This week’s 52 Ancestors prompt is about music, which is near and dear to my heart. My family is very musical; I play the flute and piano, my brother plays the piano and drums, my mom plays the piano, my grandmother plays the piano, and so did my 2x great grandmother, Jessie Robinson, and her sister Bertha. I know that another 2x great grandmother had a piano, so she likely played as well.
Of all of my family, my great great grandmother, Jessie Preston Robinson, was by far the most accomplished. She played the organ at her church in Nashville for many years, and when she was younger, she often performed at musical events. I had heard family stories for years about her talent, but I didn’t realize the extent until I found some of the pieces she played at recitals.
Jessie was born on 20 January 1876 in Zanesville, Ohio to Charles and Cora Preston. Charles was a molder, and in 1881, he was hired by Phillips and Buttorff Manufacturing Company to be the foreman of their foundry. Charles moved to Nashville, and Cora and their children, Jessie and Walter, followed in 1882.
By 1886, Jessie was enrolled in a music course taught by Mrs. Cleveland, though she had likely been playing for several years. She, along with other piano students, exhibited their skills on 15 May 1886:
A Delightful Little Concert.
There was a delightful little concert last night at the residence of Mr. B. Franklin on Monroe street, given by members of Mrs. Cleveland’s musical class. When it is considered that many of these are children who commenced studying music only last fall, the excellence with which the different numbers were rendered is remarkable. The programme was as follows:
Instrumental duet – “Mountain Glee,” Miss Mary Lee Jones and Miss Jennie Sweeney.
Silver Springs Waltz, Miss Jessie Preston.
Chorus – See Saw Song.
Vocal solo – “Flee as a Bird,” Mr. Percy Cleveland.
Instrumental solo – “Highland Glen March,” Miss Mary Lee Jones.
Chorus – “Come where Flowers Bloom.”
Instrumental solo – “Woodland Echoes,” Miss Maggie Epperson.
Vocal quartet – “Moonlight will Come Again,” Mrs. Cleveland and Messrs. Cleveland.
Instrumental solo – “Blue Mozella Waltz” and “Faust March,” Miss Jennie Sweeney.
Vocal duet – “I Come, I Come,” Miss Edwards and Miss Epperson
Song – “My Cottage Home,” Mrs. Cleveland and sons.
Duet – Heel and Toe Polka, Miss Epperson and Miss Preston.
Instrumental solo – Sonata in E (Lichner) No. 2, Miss Jessie Preston.

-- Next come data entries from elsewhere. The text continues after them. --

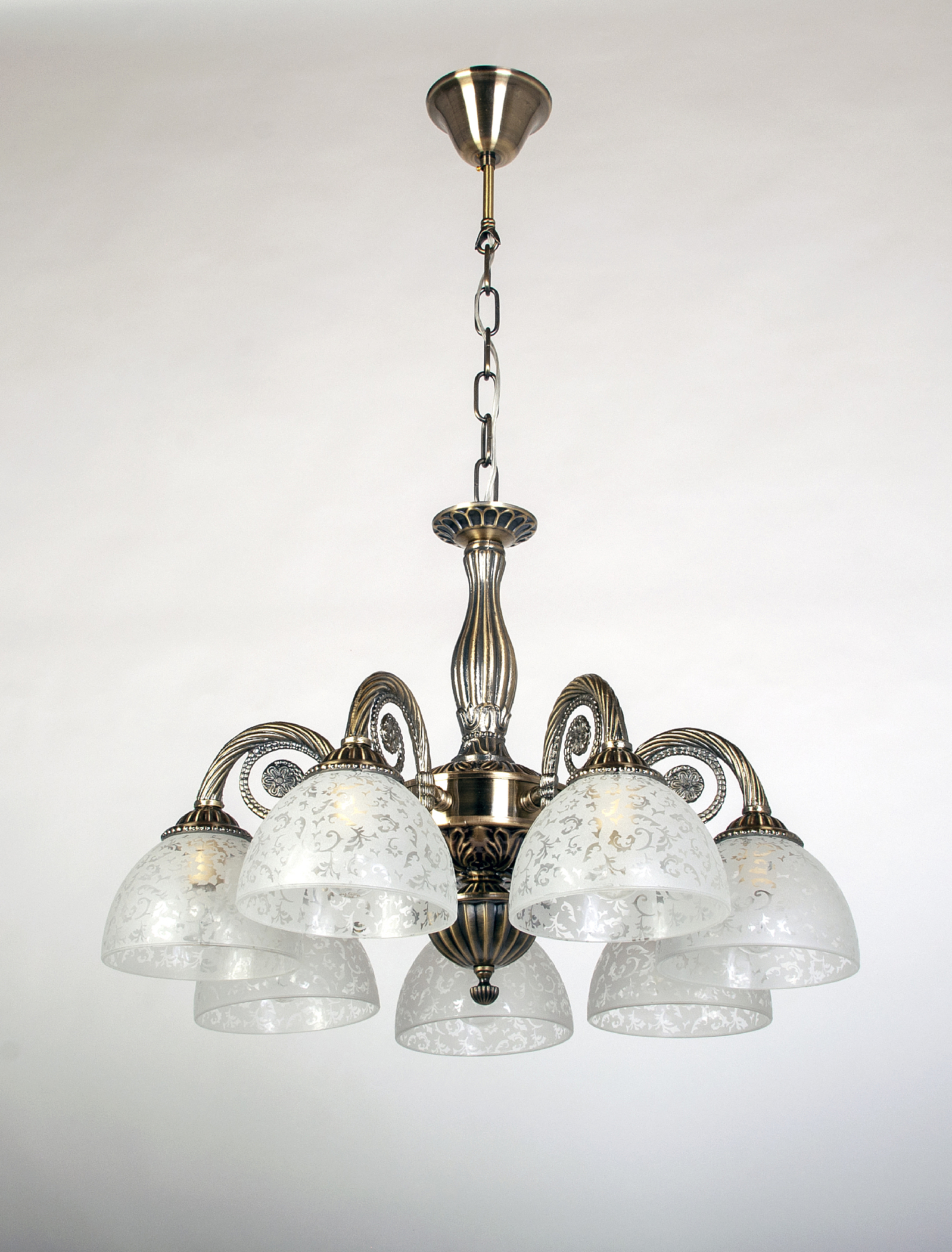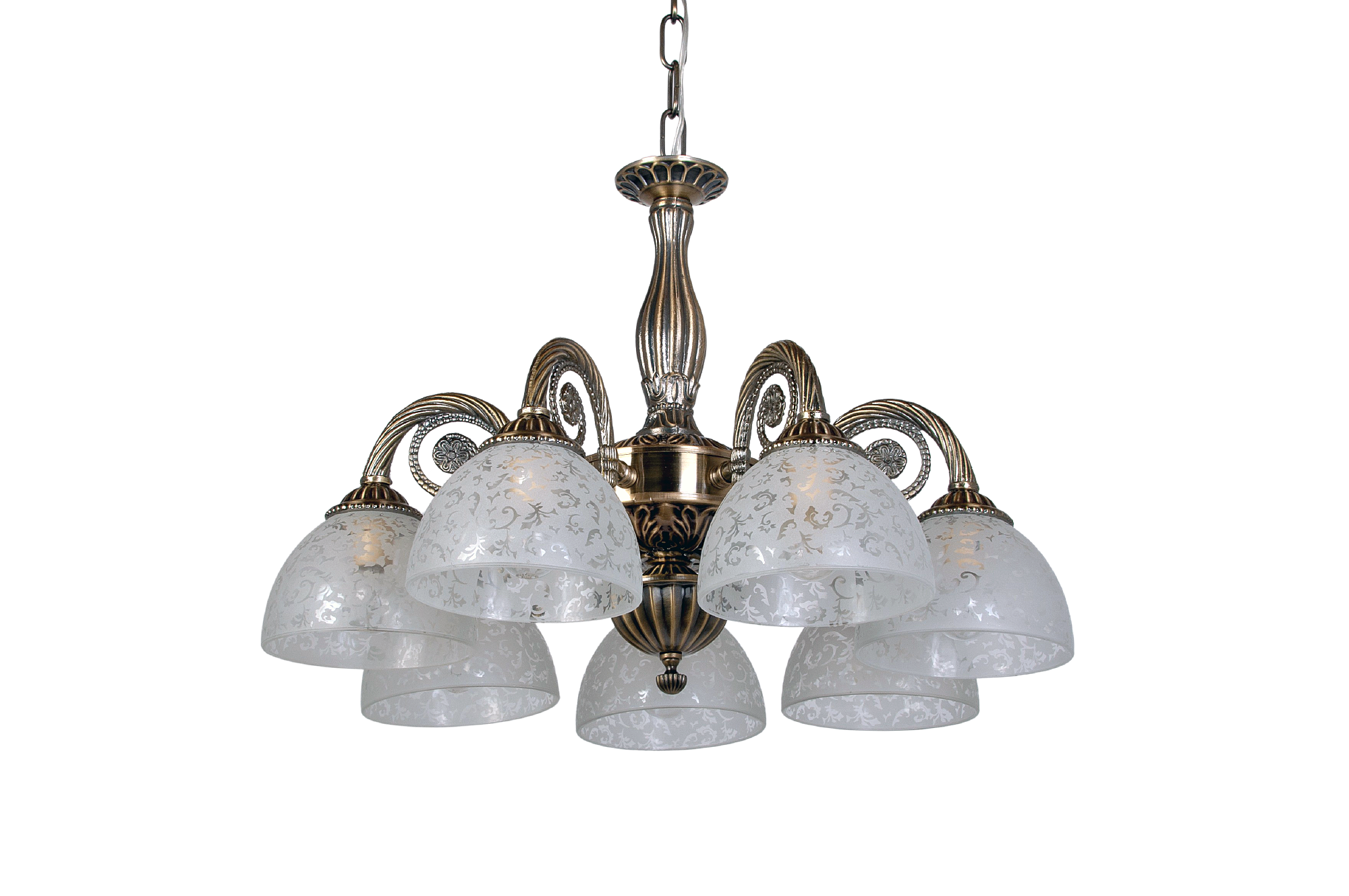 Допускается отличие страны-изготовителя, указанной в характеристиках. Линии производства могут находиться в нескольких государствах. Это не влияет на качество изготовления товара: все заводы данного бренда работают по общим стандартам, а готовые изделия проходят соответствующий контроль.Германия ЦветЦвет арматуры Бронза Цвет Бронза Материал арматуры Металл Цвет плафона белый матовый Материал плафона Стекло РазмерыВысота (мм) 450 Диаметр (мм) 600 Ширина (мм) 600 ЭлектрикаКоличество ламп (шт) 7 Цоколь E14 Тип лампы Светодиодная, Накаливания Мощность лампы (Вт) 40 Напряжение (В) 220 Площадь освещения 21 Дополнительная информацияСпособ крепления Крюк Степень защиты (IP) IP20 Место установки на потолок Тип подвеса На цепи -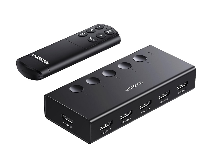 UGREEN HDMI Switch 5 in 1 Out 4K@60Hz, HDMI Splitter with Remote 5 Port Switcher Selector Box Support 3D CEC HDR HDCP2.2 Compatible with PS5/4/3 Xbox Nintendo Switch Roku TV Fire Stick Black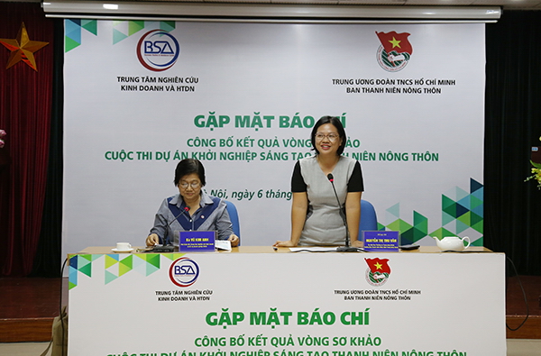 Sáng 6/9, Trung ương Đoàn họp báo công bố 105 dự án lọt vào Vòng bán kết Cuộc thi Dự án khởi nghiệp sáng tạo thanh niên nông thôn năm 2019. Cuộc thi do Trung ương Đoàn phối hợp với Trung tâm Nghiên cứu kinh doanh và hỗ trợ doanh nghiệp (BSA) tổ chức nhằm xây dựng hệ sinh thái khởi nghiệp trong lĩnh vực nông nghiệp.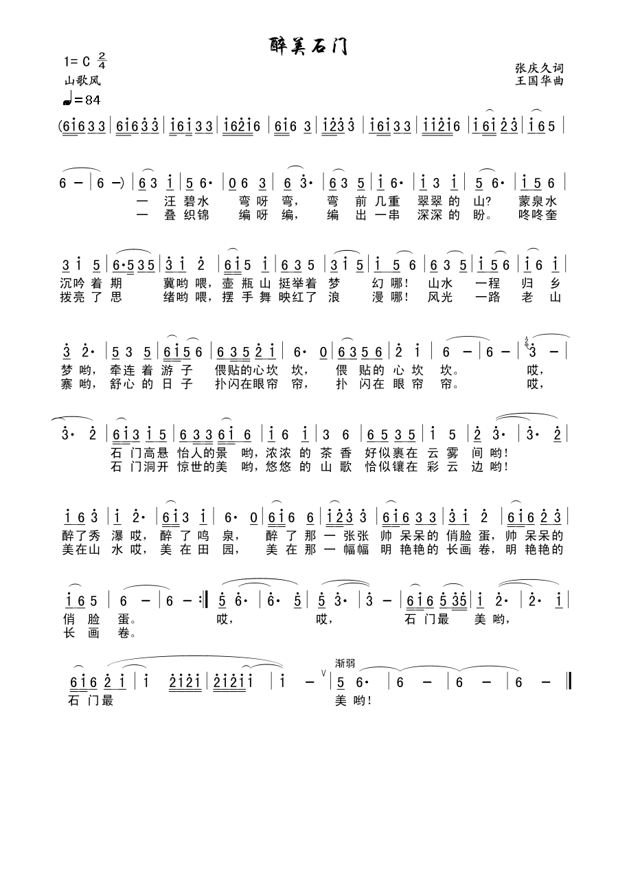 - [歌谱] 醉美石门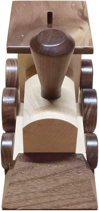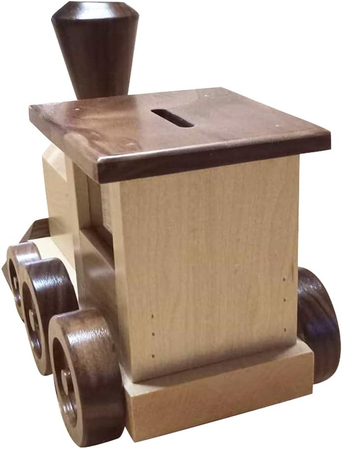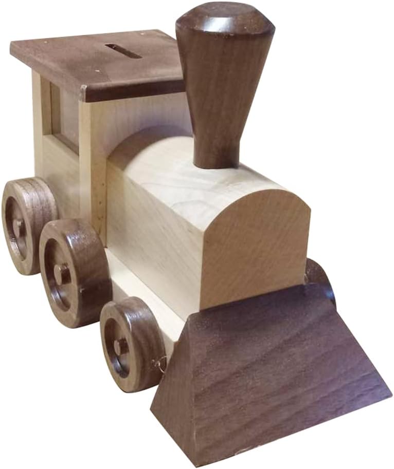 Introducing our classic Train Shaped Piggy Bank! This handmade bank is designed to look just like a real train, complete with authentic detailing. It's made in the USA from natural wood and finished with non-toxic paints that are safe for your little ones. Use this bank to teach your children the importance of saving and watch their savings add up as they make deposits through the slot at the top of the bank. It's also great as a decorative piece or conversation starter in any room. Real wooden material adds a touch of rustic charm and is built to last. Attractive train shape brings joy and helps children learn to save their coins. Indeed, a very cute money holder, perfect for collecting allowances, spare change, and special gifts! Get your Train Shaped Piggy Bank today and get ready to start counting your coins!

Instrumental solo – “Chant de Berger,” Miss Maggie Epperson.
On February 10, 1888, when Jessie was 12 years old, she participated in another performance of her musical abilities as a student of Mrs. Cleveland. She performed “German Triumphal March” by Jacob Kunkel and “Il Trovatore.”
Here is the first page of the “German Triumphal March.” I was incredibly impressed that Jessie could play this at such a young age! It proves how talented she really was.
Below is the sheet music for “Il Trovatore, a musical selection written by Giuseppe Verdi and arranged for the piano by E. Dorn. It is another complicated piece for a young girl to play.
By 1890, Jessie had left Mrs. Cleveland’s school and was receiving lessons from Professor Emmet Coyle. On 7 June, Jessie and other students performed at the Y.M.C.A.:
PROF. COYLE’S RECITAL.
A Charming Amateur Entertainment at the Y.M.C.A. Last Night.
The pretty auditorium of the Young Men’s Christian Association building was well filled last night by a representative audience of Nashville’s most cultivated lovers of music. The occasion was a piano recital by the pupils of Prof. Emmet Coyle. Mr. Coyle is a young man of marked ability as a musician and instructor. He has already attained considerable prominence in musical circles with a reputation extending beyond the city. Those of his pupils appearing were Misses Sammie Warren, Jennie Sanders, Rosa Rosenzweig, Lizzie Corder, Lillie Veronee, Emma Englert, Nellie Hagerty, Jessie Preston, Hattie Clarkson, Clara Jungerman, Carrie Zickler, Annie Zickler, Sophie Levy, Ray Flattau and Fannie Flattau, and Masters Frank McDonald, Charlie Sanders, Abe Rosenzweig and Arthur Jungerman. The selections were from classic music and, in the main, quite difficult, but the piano work was good, reflecting praise on both instructor and pupils.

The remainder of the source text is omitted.